LingOSM: Identifying the Cultural and Linguistic Influence on Mapping Behaviour
An Empirical Attempt to Substantiate the Sapir-Whorf-Hypothesis in Cartography using the Example of OpenStreetMap after the Nepal Earthquakes of 2015
OpenStreetMap Data are generated by a large and very diverse group of volunteers. Especially in the wake of disasters, people from all over the world are joining forces to provide current mapping information for the affected regions. The founding of the Humanitarian OpenStreetMap Team (HOT) has contributed significantly to channeling these efforts and organizing immediate and coordinated responses.
HOT tasks typically describe the area to be mapped, give specific instructions as to regional particularities, and pinpoint areas of particular importance. Since broad participation is encouraged and highly appreciated, the contributing mappers stem from all areas of the world.

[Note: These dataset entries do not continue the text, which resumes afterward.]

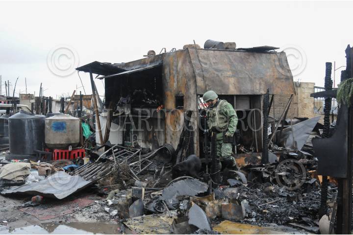 NEZAHUALCÓYOTL, EDOMEX, 01JULIO2024.- Elementos del ejército custodian la zona del incendio en las inmediaciones del AICM. FOTO: DANIEL AUGUSTO /CUARTOSCURO.COM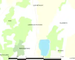 Les communes les plus proches[Note 1] sont[3] : Villembits (1,5 km), Sère-Rustaing (1,9 km), Luby-Betmont (1,9 km), Mun (2,1 km), Bugard (2,8 km), Vidou (3,2 km), Lustar (3,4 km), Osmets (3,8 km).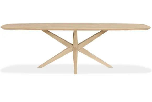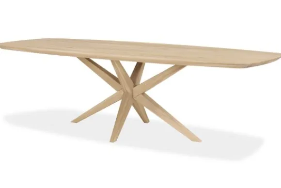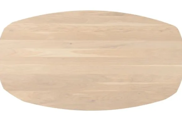 Eettafel Bodari van het merk De Houtmaatschappij is verkrijgbaar in verschillende afmetingen en kleuren. Het tafelblad heeft een deens ovale vorm en loopt taps af langs de zijkanten, waardoor deze tafel geen scherpe hoeken heeft en is gemaakt van massief eikenhout. Eikenhout leeft en geeft hierdoor karakter aan jouw meubelstuk. Daarnaast is elk stuk uniek door de nerven en noesten.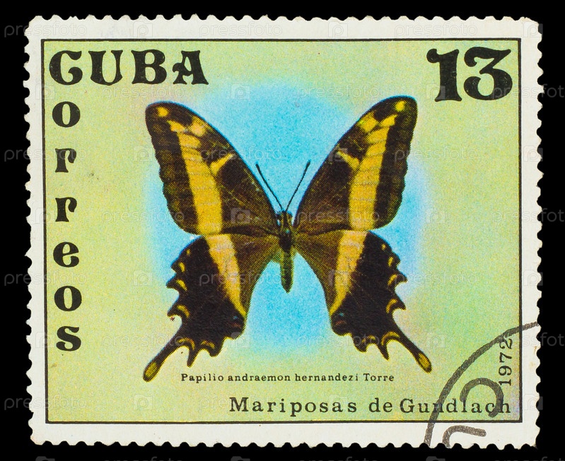 Куба, марка 1972 года, бабочка Папилио Андремон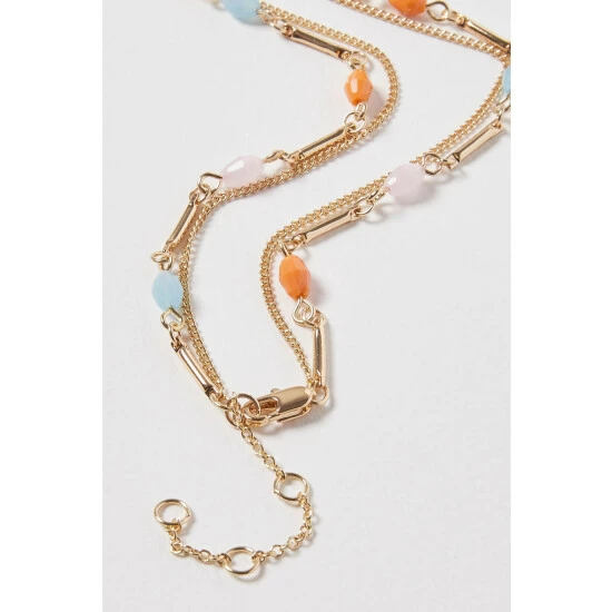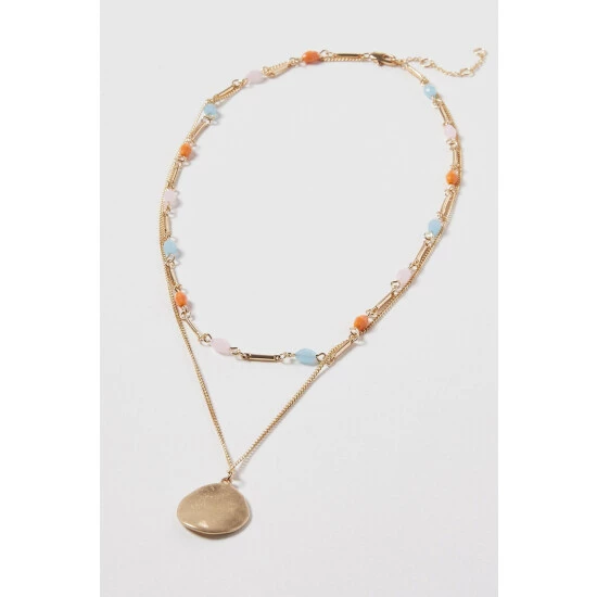 In a double row design, this gold toned necklace features a chunky beaded chain against a dainty curb chain, anchored by a matte disc charm.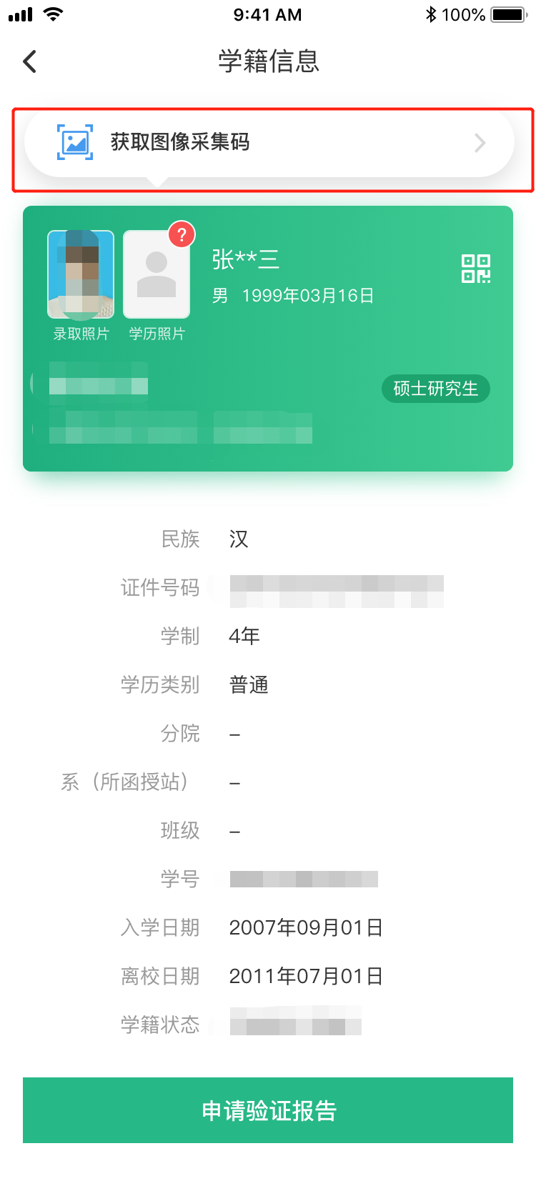 教师答:凡是具有学籍的在校生,在毕业前一律要参加图像采集。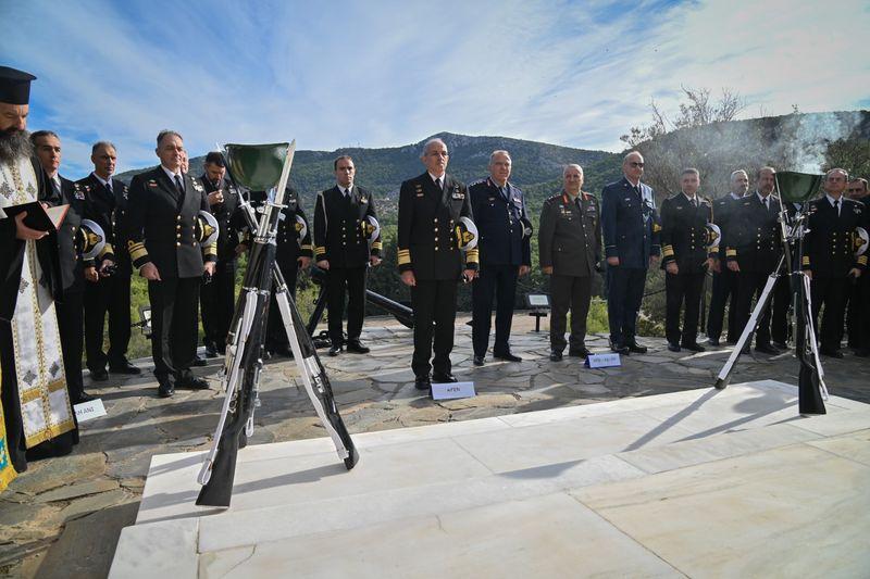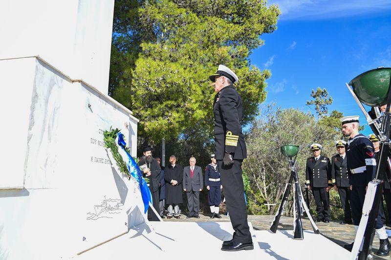 Επιμνημόσυνη δέηση για τους πεσόντες εν ώρα καθήκοντος του Πολεμικού Ναυτικού, στον πόλεμο και στην ειρήνη, πραγματοποιήθηκε στο Ναυτικό Οχυρό του Σκαραμαγκά, παρουσία του Αρχηγού ΓΕΝ Αντιναυάρχου Ιωάννη Δρυμούση ΠΝ, εκπροσωπώντας και τον Αρχηγό ΓΕΕΘΑ Στρατηγό Κωνσταντίνο Φλώρο.

To improve data quality and reliability, we are currently investigating the map data generated after the earthquakes in Nepal in spring 2015. A first investigation revealed a significant number of changes made to street classifications after the earthquake. To explore the reason behind those frequent changes we are currently investigating different factors influencing mapping behaviour. Our present approach is to investigate whether mappers with different linguistic backgrounds implement the HOT tasks differently, depending on their native language and/or their cultural background.
Linguistic research suggests that our mother language heavily influences the way we perceive and think about reality. However, so far the implications of this theory on international mapping cooperation have yet to be explored. If in fact native language does play a significant factor in individual mapping behaviour, such insights could be of great help to make HOT tasks more precise, i.e. by including linguistic and/or cultural hints or tips in the task description, hopefully further improving data quality and reliability.
To achieve this goal, we are investigating the street network of Nepal and the modifications/amendments added after the 2015 earthquakes. We are exploring all changes made to objects tagged with “highway=*” and will compare those changes to the linguistic and cultural background of the user responsible for the change.
Any and all information gathered in this context will be strictly confidential and results will be strictly anonymized and resulting papers will contain only aggregated data.